The SPIE Student Chapter at the Indian Institute of Technology in Madras will set up displays at several schools and provide vision exams for students -- and even low-cost eyeglasses for qualifying students.

The University of the West Indies Mona will host the Jamaica Youth Science Forum, a science camp for students in grades 12 and 13, in conjunction with the Ministry of Education. In addition to lectures and optics experiments on topics such as polarization and diffraction, the forum will engage participants in a final project at the end.

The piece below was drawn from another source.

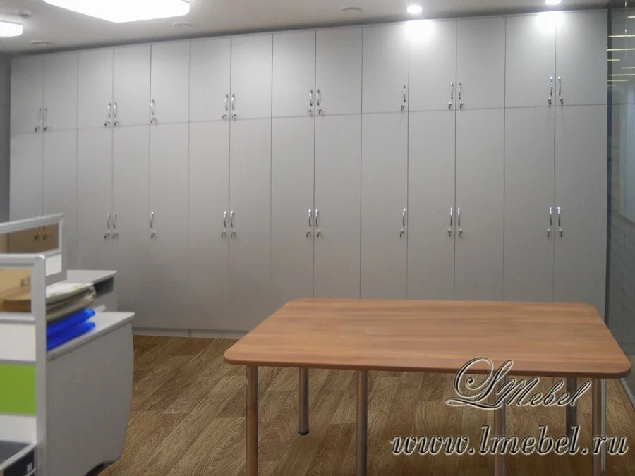 Большой распашной шкаф для офиса. Корпус и фасад изготовлены из ДСП цвета титана, в качестве наполнения использованы штанги для одежды. В верхней части расположены секции с полками. Дверцы шкафа закрываются на ключ.
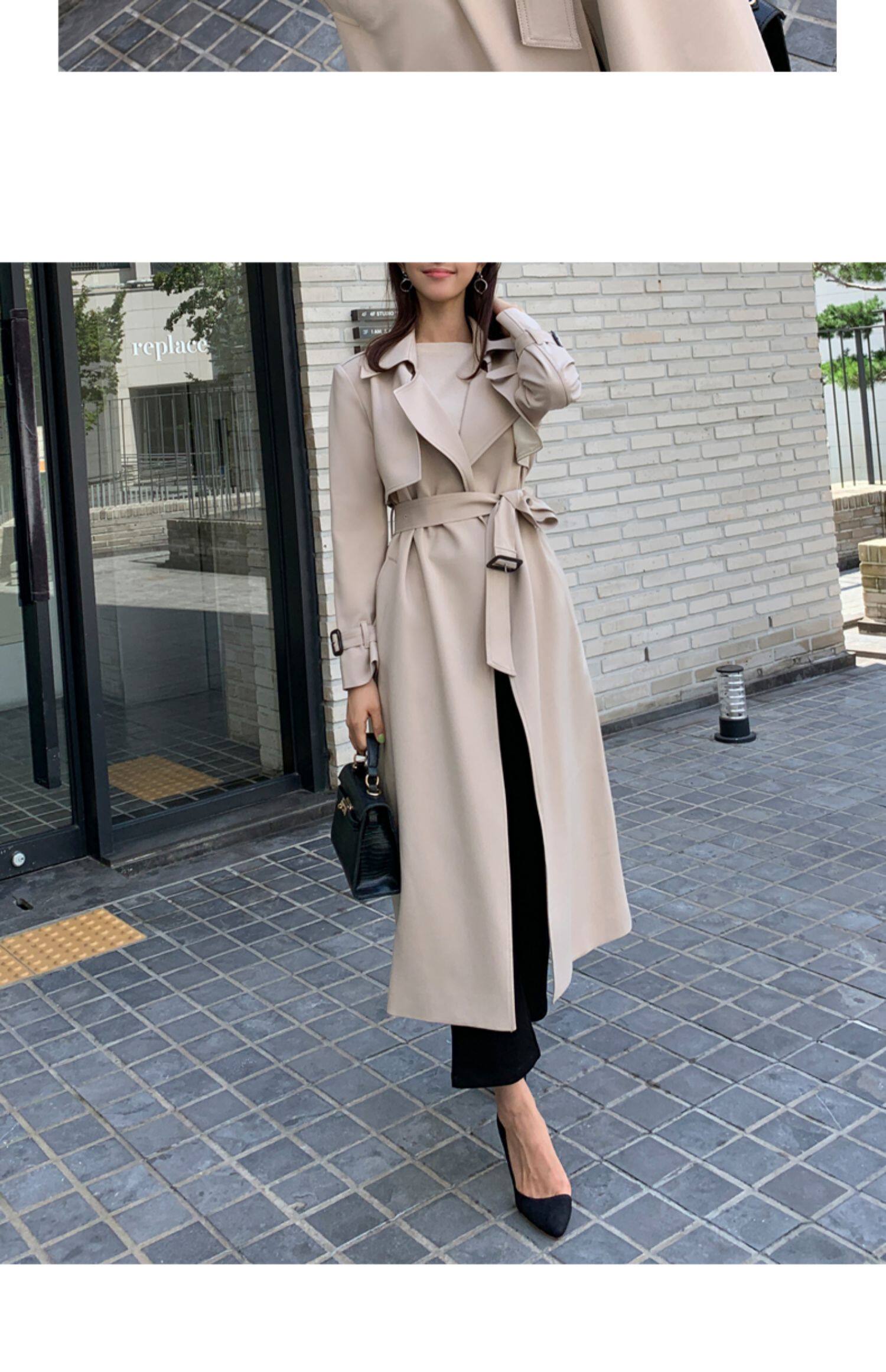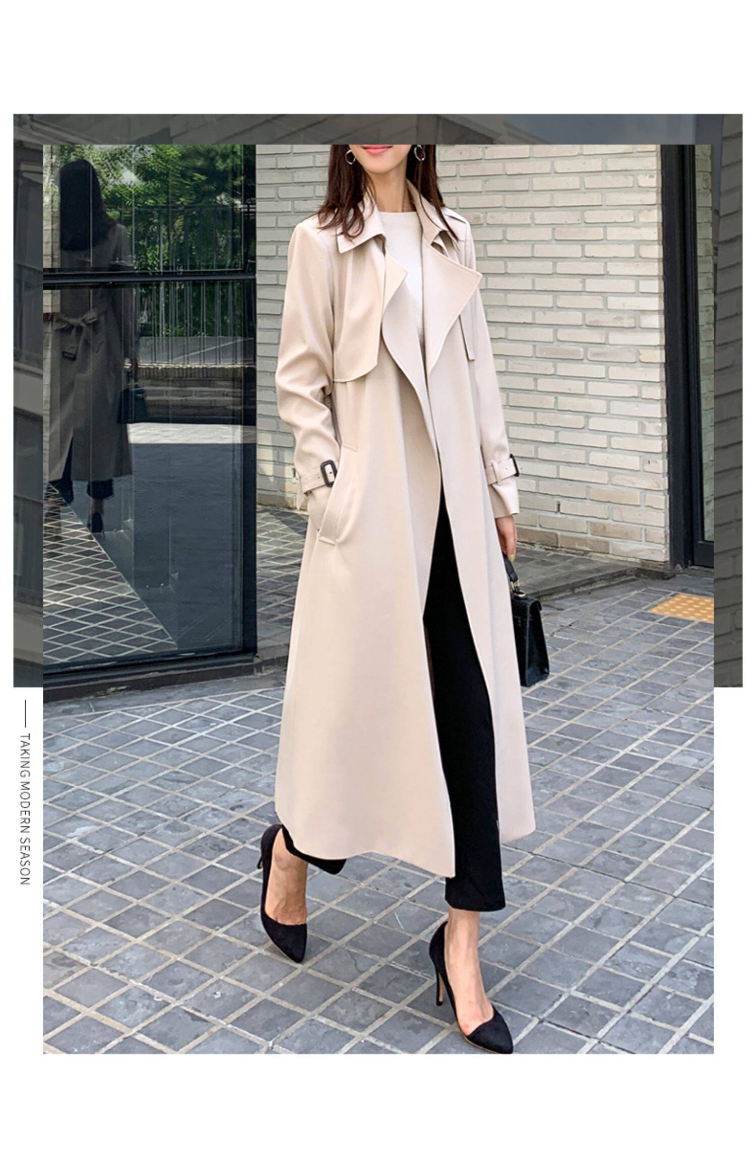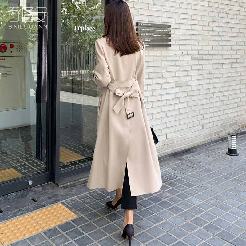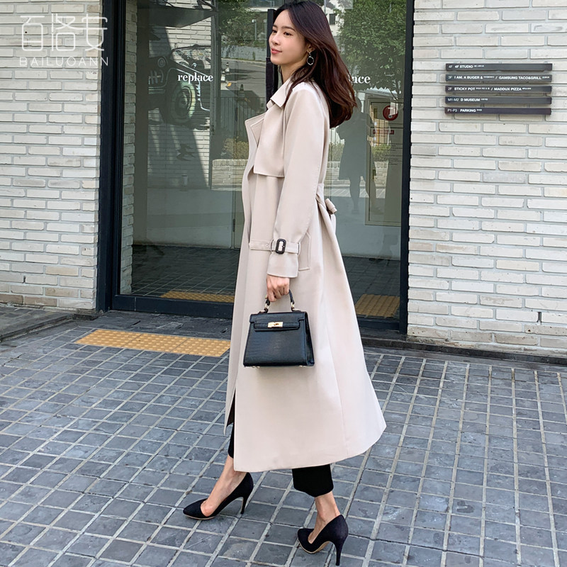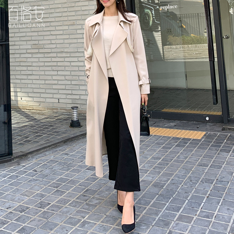 百洛安 Длинный демисезонный плащ, модное пальто, в корейском стиле, свободный крой, оверсайз

A project at the Pratt Institute of Art and Design in New York City (USA) will demonstrate the origins and beauty of rainbows and reflections using two large-scale string sculptures. The sculptures will be built by students in a Science of Light class as part of a team prize competition and displayed at the 20,000-person, family-oriented Figment festival and on the Pratt Institute campus.

About SPIE
SPIE is the international society for optics and photonics, a not-for-profit organization founded in 1955 to advance light-based technologies. The Society serves nearly 256,000 constituents from approximately 155 countries, offering conferences, continuing education, books, journals, and a digital library in support of interdisciplinary information exchange, professional networking, and patent precedent. SPIE provided more than $3.2M in support of education and outreach programs in 2013.